HuggingFace Embeddings for LlamaIndex
This library integrates HuggingFace embedding models, including Sentence Transformer models, with LlamaIndex. It allows users to create embeddings for documents and queries for retrieval, supporting models like BGE, Mixedbread, Nomic, Jina, and E5. The current version is 0.7.0, and it's part of the LlamaIndex ecosystem, which maintains a regular release cadence for its integration packages.
Warnings
- gotcha The `sentence-transformers` package is a required peer dependency and must be installed separately. Failing to install it will lead to runtime errors when attempting to use `HuggingFaceEmbedding`.
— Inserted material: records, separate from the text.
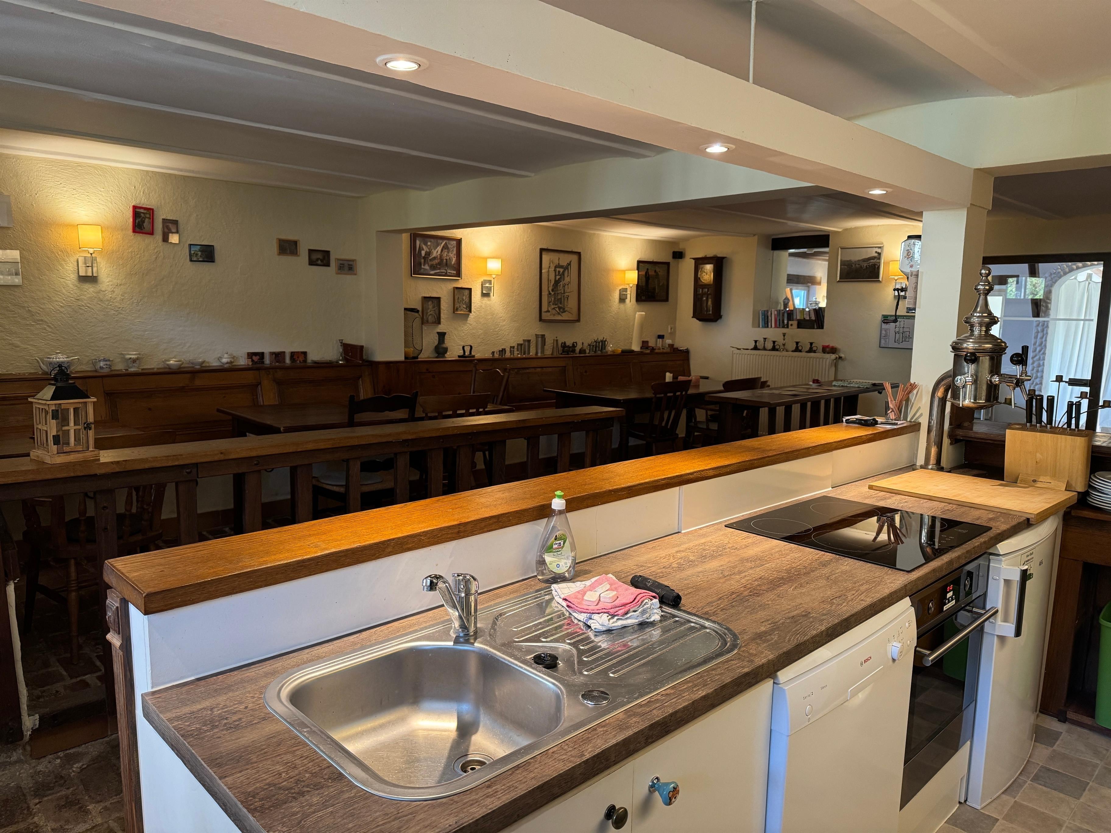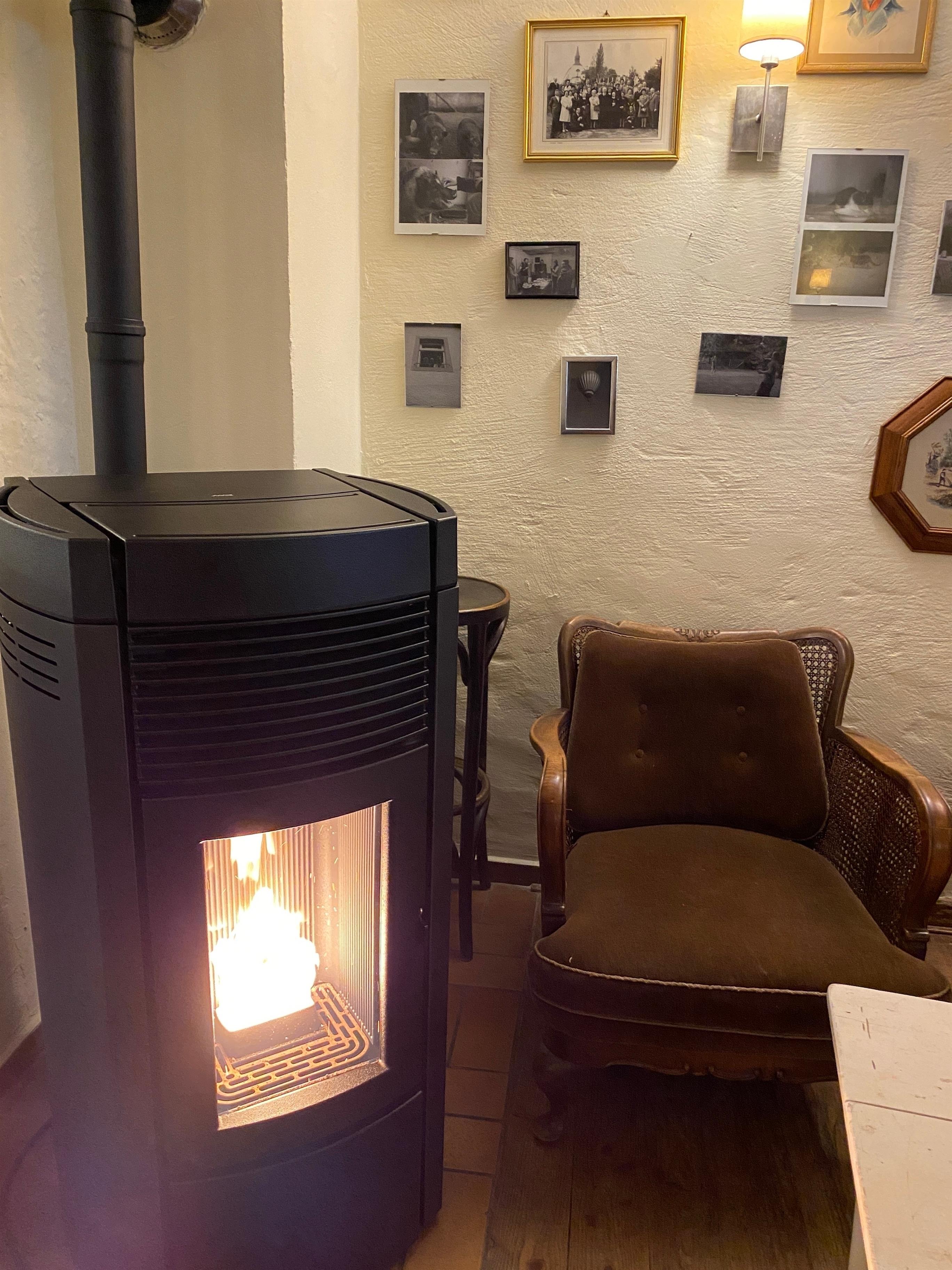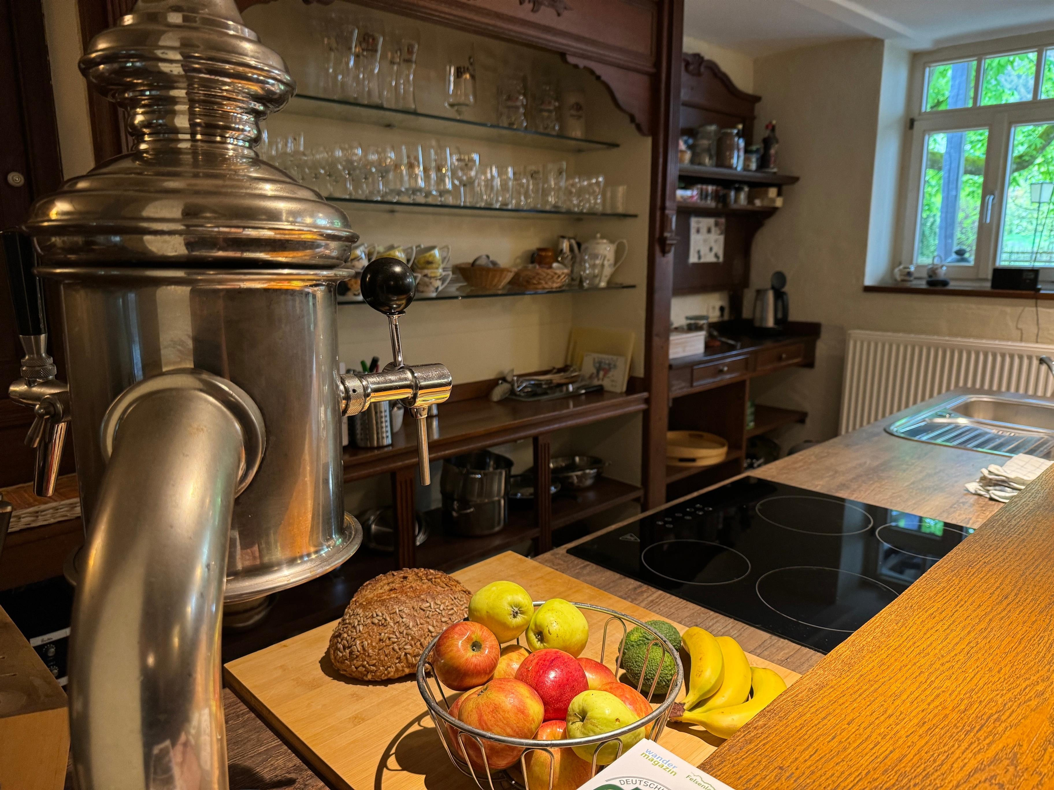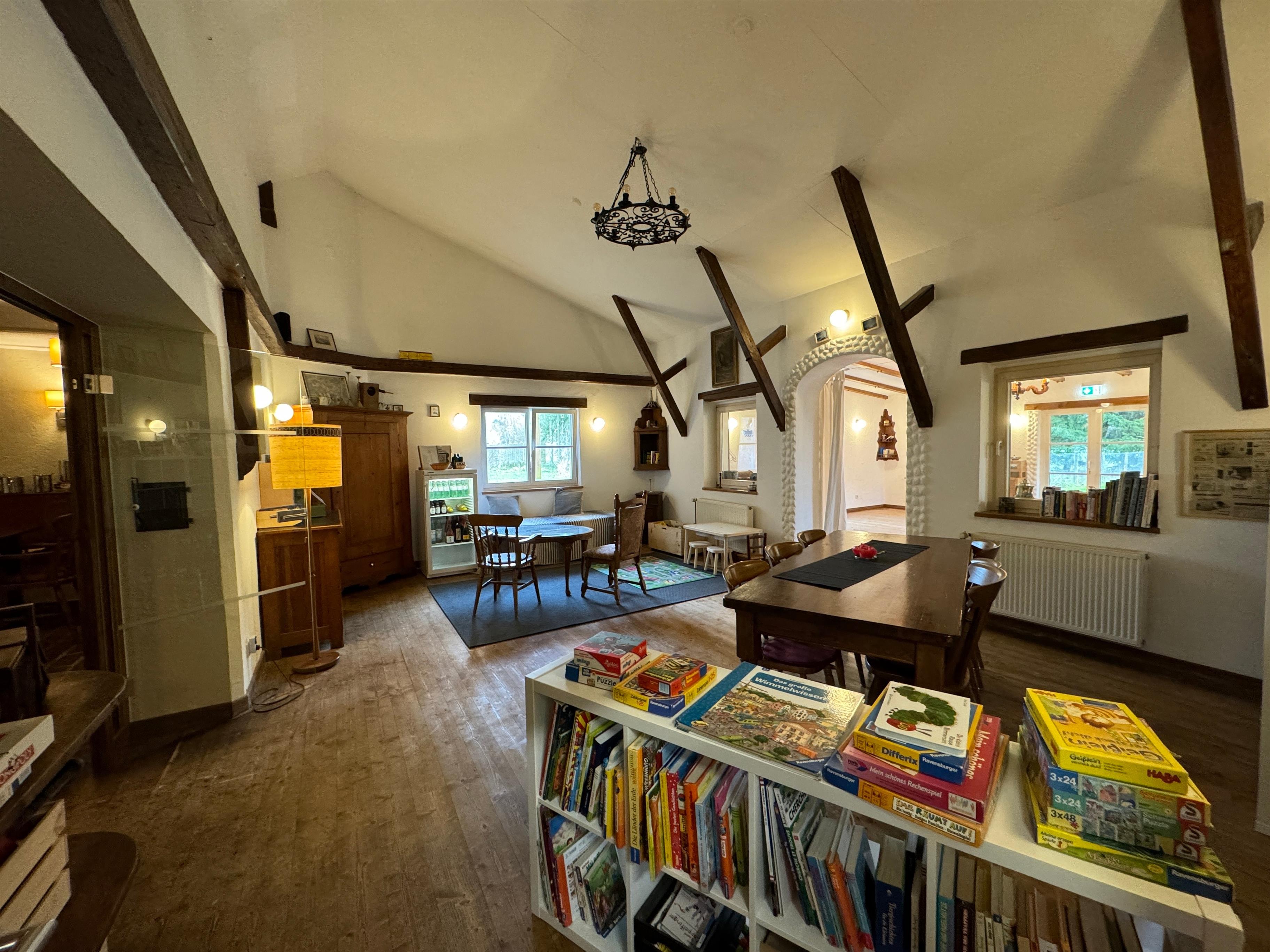 Im Nebengebäude befindet sich der große Aufenthaltsraum mit Pelletofen und dier Selbstversorgerküche.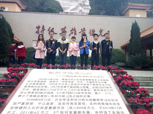 三月五日上午,雷锋日当天,学生干部代表来到中江县继光纪念馆,缅怀这位雷锋奉献精神代表——国家特级英雄黄继光。干部代表们认真的参观了继光纪念馆,并且对黄继光铜像献上了鲜花。抱着缅怀之情,在参观和献花过后,我们深深领略雷锋同志和黄继光同志这种为了国家而牺牲伟大的奉献精神。深刻的体会到了奉献的真正含义和如何更好的建设和保护自己美好的家园正确方法。
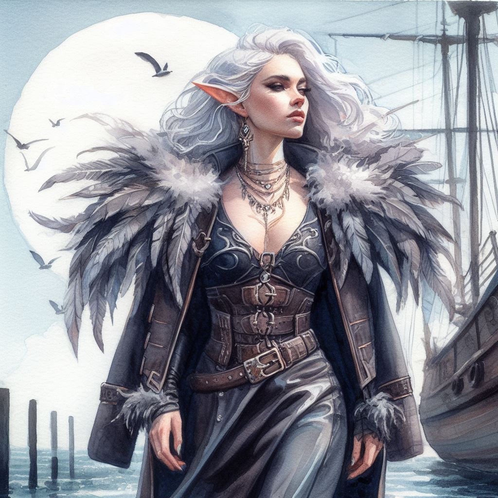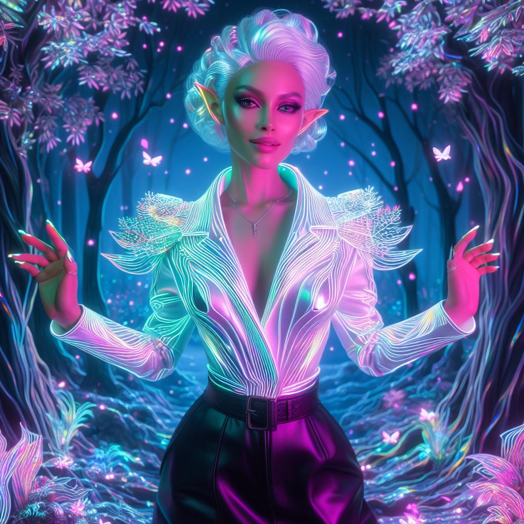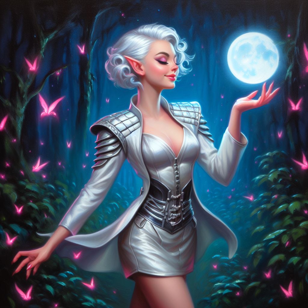 oil painting, art Deco, elven priestess of the moon with short crimped silver hair, updo, white leather jacket with shoulder pads, leather skirt, high heels, neon palette, casting a spell, fantasy forest setting, surrounded by pink fireflies, serene smileWhat's the prompt there?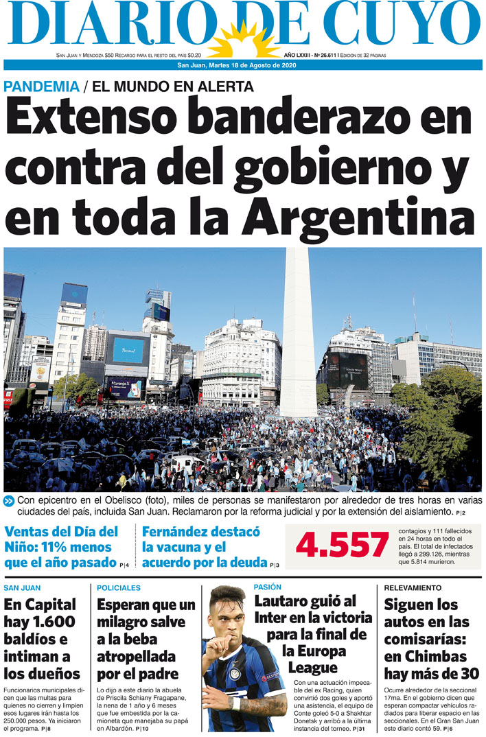 Diario de Cuyo | HOME | Noticias Tapa Edición 18 de Agosto del 2020 Por Redacción Diario de Cuyo 17/08/2020 · 0:00 Escuchar la noticia Escuchar la noticia Your browser doesn’t support HTML5 audio Ver los comentarios ›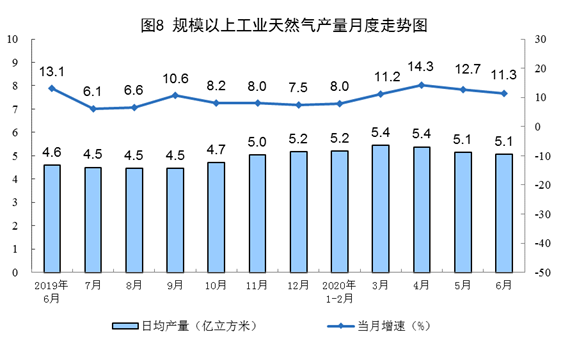天然氣生產(chǎn)保持較快增長。6月份,生產(chǎn)天然氣152億立方米,同比增長11.3%,增速比上月回落1.4個百分點(diǎn),日均產(chǎn)量5.1億立方米。上半年,生產(chǎn)天然氣940億立方米,同比增長10.3%,比一季度加快1.2個百分點(diǎn)。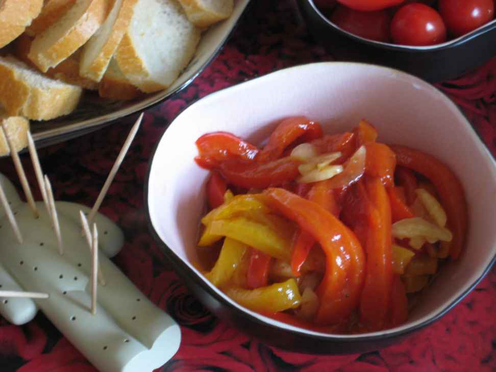 On commence donc par les poivrons marinés façon Estelle G (façon old school laborieuse) et façon Estelle S (moderne et équipée)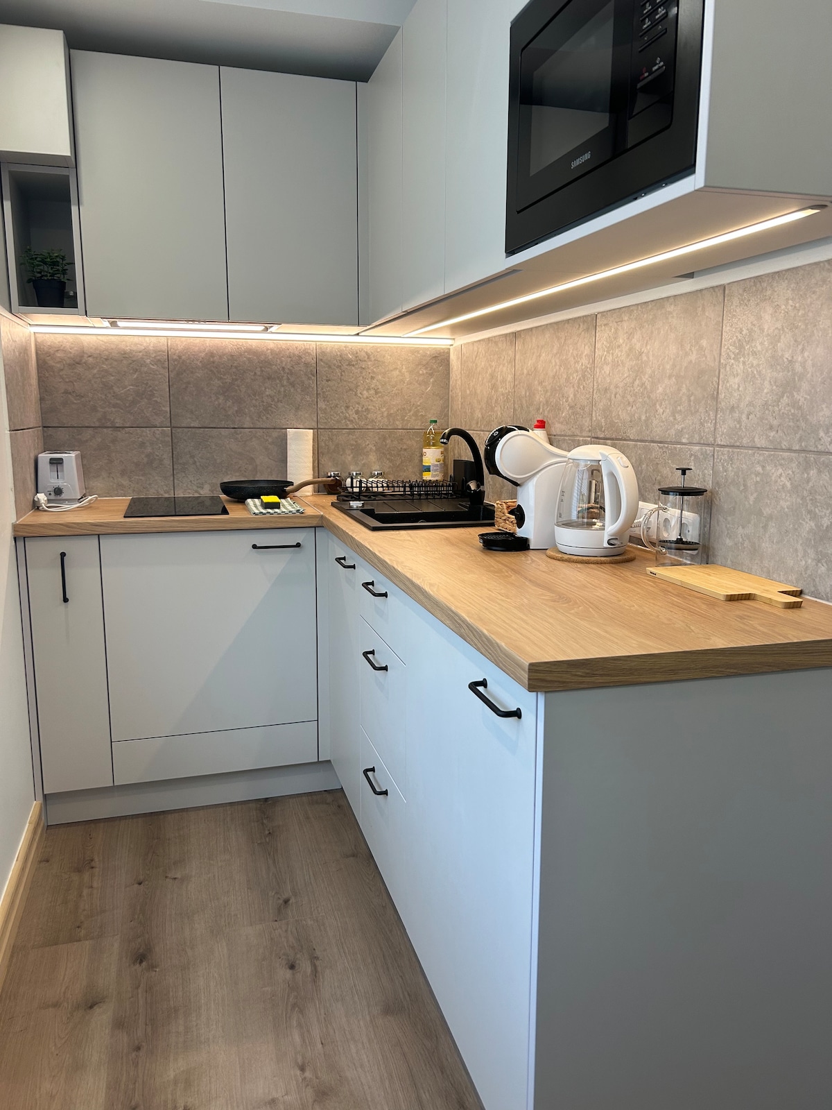 Apartamento recientemente renovado en el corazón del casco antiguo de Ventspils, la zona más encantadora y vibrante de la ciudad. A solo 2-4 minutos a pie de las mejores cafeterías locales, panaderías, el paseo del río Ventas, el mercado, el cine, el spa, la piscina, el gimnasio, la playa a 15 minutos: todo lo que necesitas está a tu puerta. Diseñado para ser acogedor y moderno. Está totalmente equipado con comodidades de alta gama, como una cafetera premium, lavavajillas, lavadora/secadora y todo lo que necesitas para unas vacaciones relajantes o un viaje de trabajo productivo.

- deprecated Several parameters for `HuggingFaceEmbedding` such as `tokenizer_name`, `pooling`, `model`, and `tokenizer` are marked as deprecated in recent versions. Relying on them may lead to warnings or future breaking changes.
- breaking Python 3.9 is no longer supported. This library explicitly requires Python 3.10 or newer.
- gotcha For advanced features like ONNX or OpenVINO model inference, additional 'extra' installations for `sentence-transformers` are required (e.g., `pip install sentence-transformers[onnx]` or `pip install sentence-transformers[openvino]`).
- gotcha This library has a specific dependency range on `llama-index-core` (e.g., `>=0.13.0,<0.15` as of version 0.7.0). Using an incompatible `llama-index-core` version can lead to unexpected behavior or errors.
Install
-
pip install llama-index-embeddings-huggingface -
pip install sentence-transformers
Imports
- HuggingFaceEmbedding
from llama_index.embeddings.huggingface import HuggingFaceEmbedding
Quickstart
from llama_index.core import Settings
from llama_index.embeddings.huggingface import HuggingFaceEmbedding
# Initialize the HuggingFaceEmbedding model
# Loads BAAI/bge-small-en-v1.5 with the default torch backend
embed_model = HuggingFaceEmbedding(model_name="BAAI/bge-small-en-v1.5")
# Option 1: Set as the global embedding model for LlamaIndex
Settings.embed_model = embed_model
# Option 2: Generate embeddings for text directly
text_to_embed = "Hello World! This is a test sentence."
embeddings = embed_model.get_text_embedding(text_to_embed)
print(f"Embeddings length: {len(embeddings)}")
print(f"First 5 embedding values: {embeddings[:5]}")